> **EXERCISE**
Print the line that contains "[11970844]1终极 9神话 37限定", then every line after it until the entries end, exactly as they read; do not include pictures.

> **EXCERPTED RECORDS**
——————————

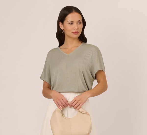 Short Sleeve Lightweight Rib Knit Sweater Top In Seafoam Mist | Women Adrianna Papell Sweaters
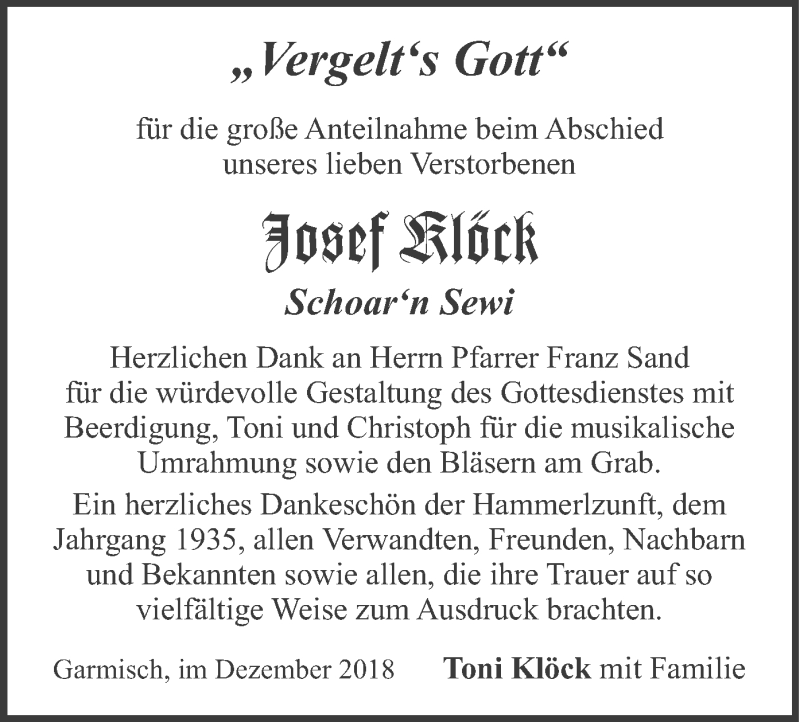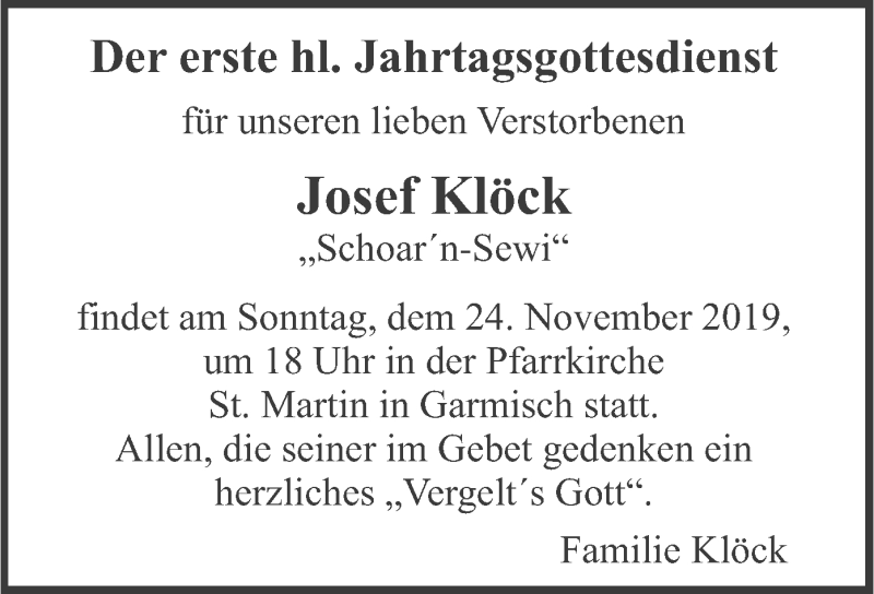 Hier finden Sie alle Traueranzeigen aus der Zeitung, die bisher für Josef Klöck erschienen sind. Weitere Traueranzeigen, die in der Zeitung erscheinen, werden hier ebenfalls aufgelistet
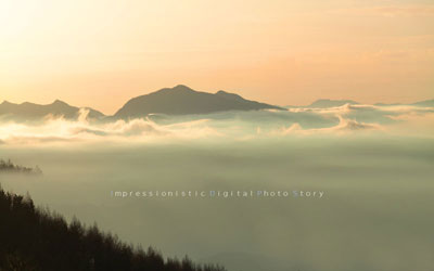 ようやく展望所にたどり着くと,雲海の上に富士がシルエットになり,その真上に24日月が明け残っていた。
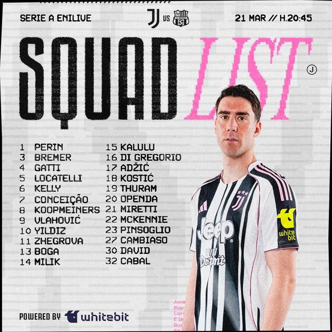 北京時間3月22日凌晨3點45分,意甲第30輪,尤文將在主場迎戰薩索洛。賽前,尤文圖斯官方公布了本場比賽的大名單。
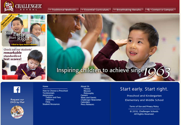 이미지와 페이지 내용은 웹사이트에 대한 기대를 형성에 중요합니다. 만약 이러한 기대가 충족됐다면, 전반적인 경험은 부드럽고 기쁠 것입니다. 그러나, 그 가정이 잘못됐다는 것이 알게 됐을 때 사람들은 종종 이 사이트의 사용성이 형편없다고 받아들입니다. 아래 예시처럼, 사립학교 사이트의 홈페이지에는 이 학교가 유치원이거나 기껏해야 초등학교 1학년만 포함한다고 믿게끔 만드는 몇몇 어린아이들 사진이 있습니다. 사실 이 학교는 8학년까지 포함하는데 말이죠.
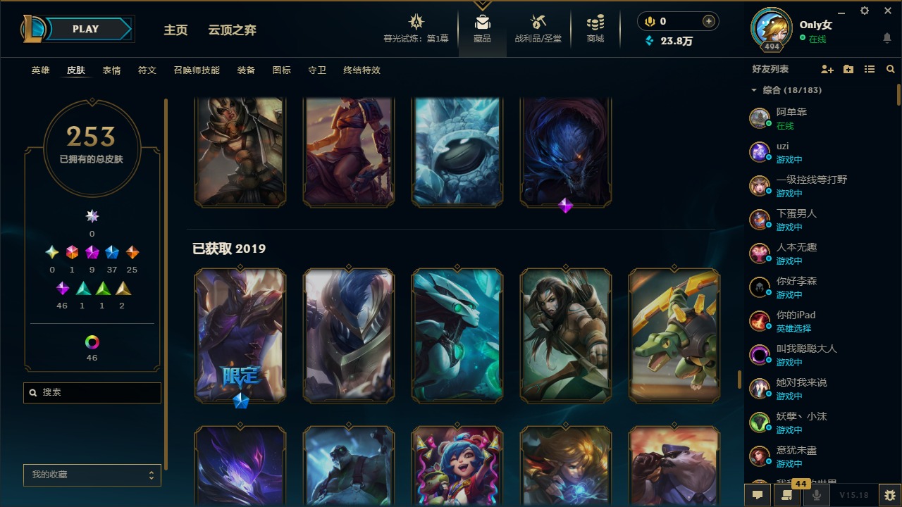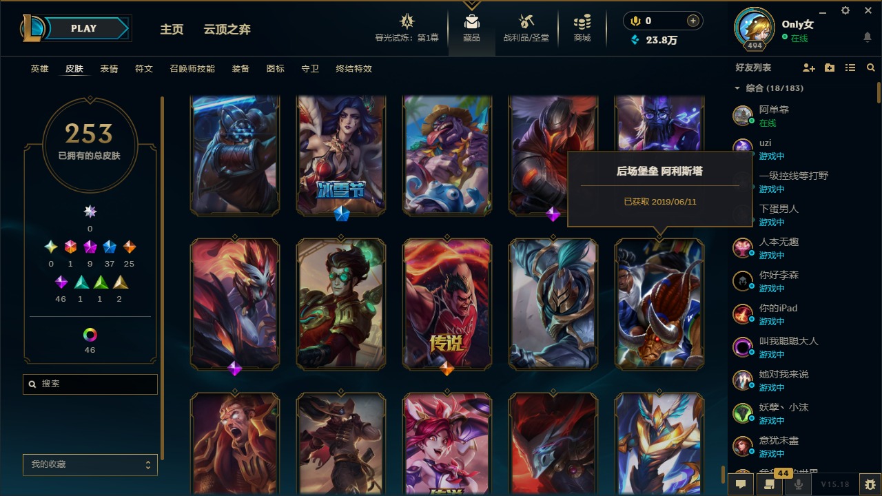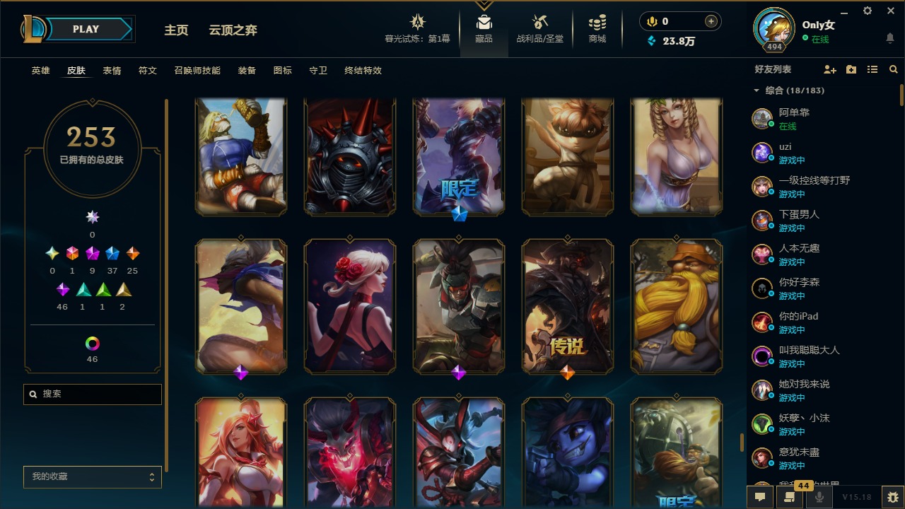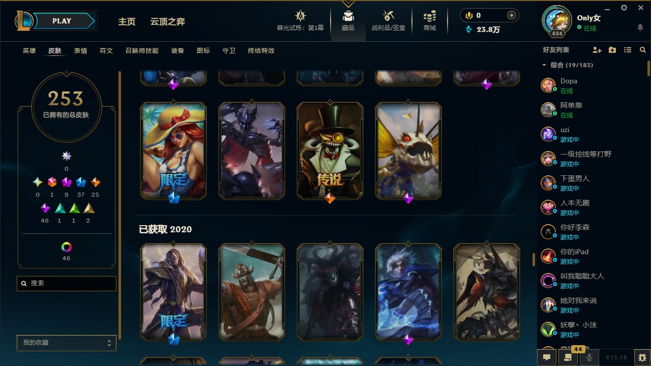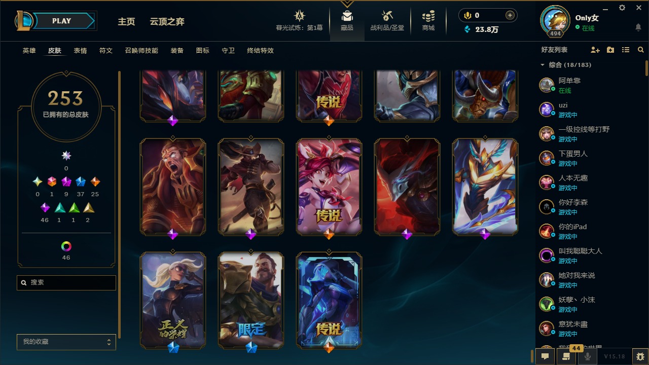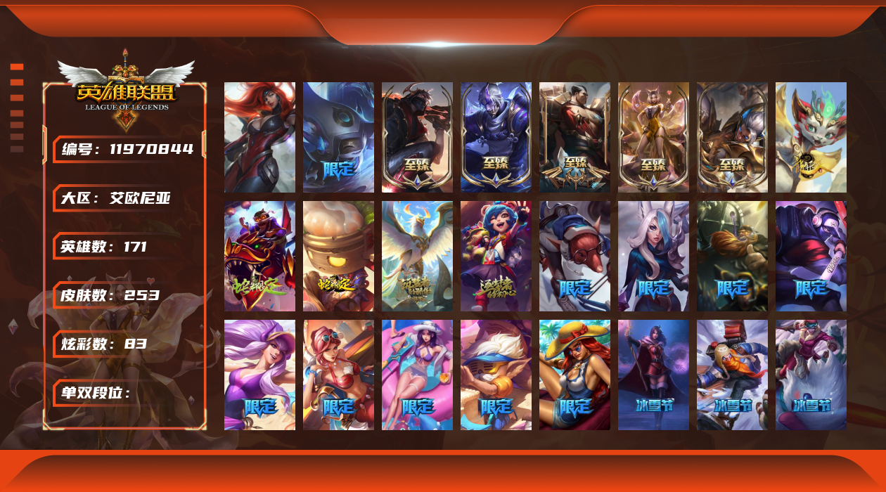 [11970844]1终极 9神话 37限定 25传说 46史诗 253皮肤 83炫彩 171英雄 可二次 可修改实名 优质装备:至臻 K/DA 阿狸,至臻 神龙尊者 炎龙瑟提,防爆天使 凯尔,暗影 沃里克,地底世界 崔斯特,冠军典狱长 锤石,冠军之矛 滑板鞋,冠军之刃 锐雯,冠军之刃 锐雯 2016,糖果使徒 费德提克,永恒之森 乐芙兰,至臻 西部魔影 泰隆,武装战姬,冠军之箭 艾希 凯旋圣装,冠军之刃 锐雯 2016 凯旋圣装,无畏骑士 瑟庄妮 赤子初心,霸天异形 卡兹克 刹那银光,可爱可爱粉红红 布里茨,冠军之矛 卡莉丝塔 凯旋圣装,净雪之月 莫甘娜 冬虹,星之守护者 阿卡丽 热情之光,魔女 阿卡丽 虚荣,至臻 凯旋将军 德莱厄斯,殿堂传奇 薇恩,至臻 灵魂莲华 劫,暗裔英雄 盖伦,殿堂传奇 薇恩 登神 限定:创星之灵 璐璐 赛季限定皮:胜利剑圣 易,胜利巨口 克格莫,胜利之树 茂凯,胜利枪神 格雷福斯,胜利女神 奥利安娜,胜利之剑 剑魔,胜利枪神 卢锡安 冠军限定系列:S1FNC 酒桶,S2 暗杀星 慎,S4 SSW 图奇,S7 SSG 霞 冰雪节限定:冰雪节 炼金,魄罗骑士 瑟庄妮,幸福女神 乐芙兰,雪球也能爆炸 吉格斯 泳池派对:泳池派对 厄运小姐,泳池派对 黑默丁格,泳池派对 凯特琳,泳池派对 球女,海之歌 艾希 万圣节限定:魅惑女巫 崔丝塔娜,魅惑女巫 娜美,南瓜头 费德提克 年限:点心宝贝 阿木木,天龙之子 斯莫德,蛇年 库奇 周年:10周年 安妮,10周年 凤凰
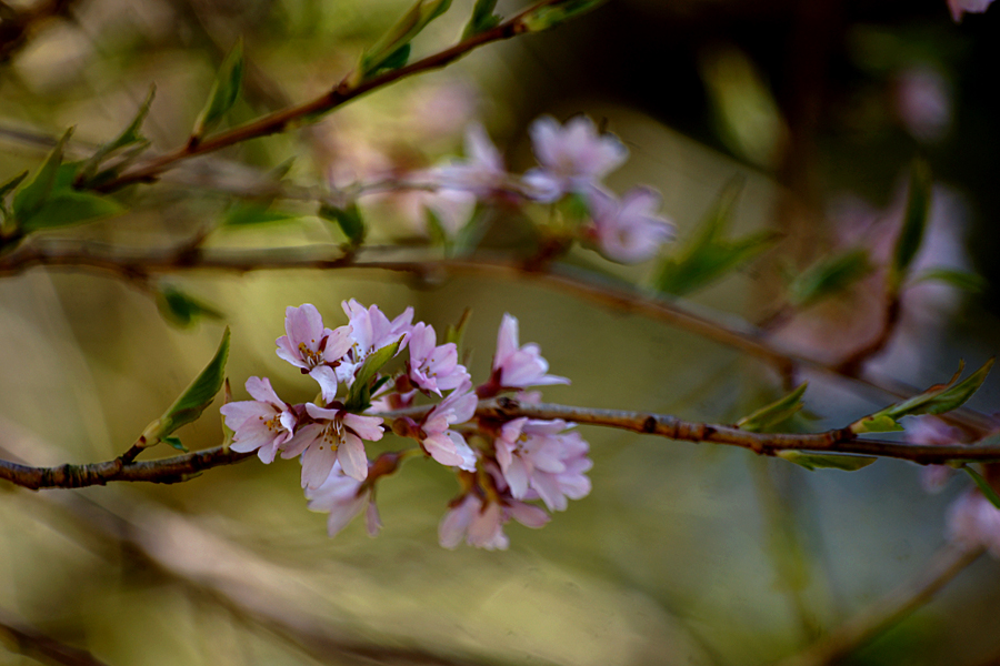 Den blommade ändå inte riktigt fullt ännu. Förra våren blommade den som allra bäst i början på april, då lyste det rosa på långt håll och det var det som gjorde att jag upptäckte den då.
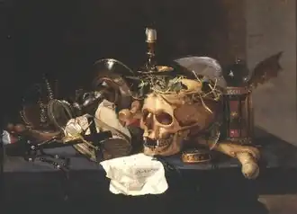 For instance, in the Still life on a partly draped table the various objects convey hidden meanings: the grapes and the glass of red wine refer to Christ and his blood, the bread references the Last Supper of Christ and the Christian communion and the silver vessel looks like a ciborium that holds the consecrated hosts during the Catholic Mass. The crabs, just like the lobsters in his other still lifes, refer to the Christian belief in the resurrection of Christ since these crustaceans must, in order to grow, lose their carapace and start a new life. The partly peeled lemon stands for the various stages of human life and its vulnerability and suffering.[7]
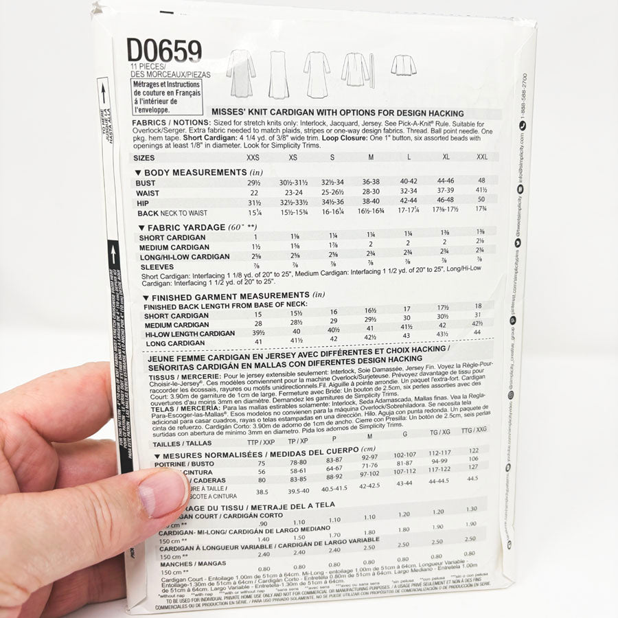 2017 Simplicity Sewing Pattern - Cardigan - D0659 - Size XXS-XXL
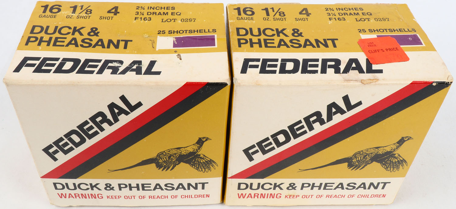 Lot of 2 Federal, 16ga., 1pc., Appears Full, shot size 4, multi-colored box. Grade: Excellent - Value: 10 to 30
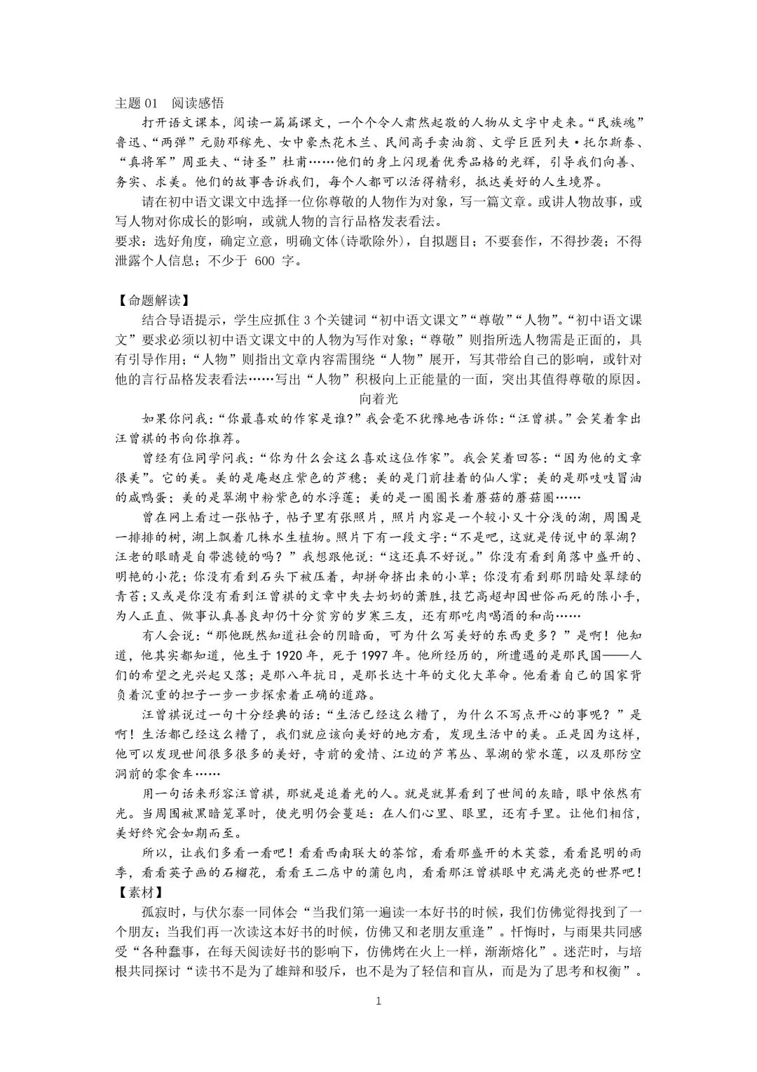 3月25日精选《主题作文》电子版可打印

——————————

> **ANSWER TO THE PROBLEM**
 [11970844]1终极 9神话 37限定 25传说 46史诗 253皮肤 83炫彩 171英雄 可二次 可修改实名 优质装备:至臻 K/DA 阿狸,至臻 神龙尊者 炎龙瑟提,防爆天使 凯尔,暗影 沃里克,地底世界 崔斯特,冠军典狱长 锤石,冠军之矛 滑板鞋,冠军之刃 锐雯,冠军之刃 锐雯 2016,糖果使徒 费德提克,永恒之森 乐芙兰,至臻 西部魔影 泰隆,武装战姬,冠军之箭 艾希 凯旋圣装,冠军之刃 锐雯 2016 凯旋圣装,无畏骑士 瑟庄妮 赤子初心,霸天异形 卡兹克 刹那银光,可爱可爱粉红红 布里茨,冠军之矛 卡莉丝塔 凯旋圣装,净雪之月 莫甘娜 冬虹,星之守护者 阿卡丽 热情之光,魔女 阿卡丽 虚荣,至臻 凯旋将军 德莱厄斯,殿堂传奇 薇恩,至臻 灵魂莲华 劫,暗裔英雄 盖伦,殿堂传奇 薇恩 登神 限定:创星之灵 璐璐 赛季限定皮:胜利剑圣 易,胜利巨口 克格莫,胜利之树 茂凯,胜利枪神 格雷福斯,胜利女神 奥利安娜,胜利之剑 剑魔,胜利枪神 卢锡安 冠军限定系列:S1FNC 酒桶,S2 暗杀星 慎,S4 SSW 图奇,S7 SSG 霞 冰雪节限定:冰雪节 炼金,魄罗骑士 瑟庄妮,幸福女神 乐芙兰,雪球也能爆炸 吉格斯 泳池派对:泳池派对 厄运小姐,泳池派对 黑默丁格,泳池派对 凯特琳,泳池派对 球女,海之歌 艾希 万圣节限定:魅惑女巫 崔丝塔娜,魅惑女巫 娜美,南瓜头 费德提克 年限:点心宝贝 阿木木,天龙之子 斯莫德,蛇年 库奇 周年:10周年 安妮,10周年 凤凰
 Den blommade ändå inte riktigt fullt ännu. Förra våren blommade den som allra bäst i början på april, då lyste det rosa på långt håll och det var det som gjorde att jag upptäckte den då.
 For instance, in the Still life on a partly draped table the various objects convey hidden meanings: the grapes and the glass of red wine refer to Christ and his blood, the bread references the Last Supper of Christ and the Christian communion and the silver vessel looks like a ciborium that holds the consecrated hosts during the Catholic Mass. The crabs, just like the lobsters in his other still lifes, refer to the Christian belief in the resurrection of Christ since these crustaceans must, in order to grow, lose their carapace and start a new life. The partly peeled lemon stands for the various stages of human life and its vulnerability and suffering.[7]
 2017 Simplicity Sewing Pattern - Cardigan - D0659 - Size XXS-XXL
 Lot of 2 Federal, 16ga., 1pc., Appears Full, shot size 4, multi-colored box. Grade: Excellent - Value: 10 to 30
 3月25日精选《主题作文》电子版可打印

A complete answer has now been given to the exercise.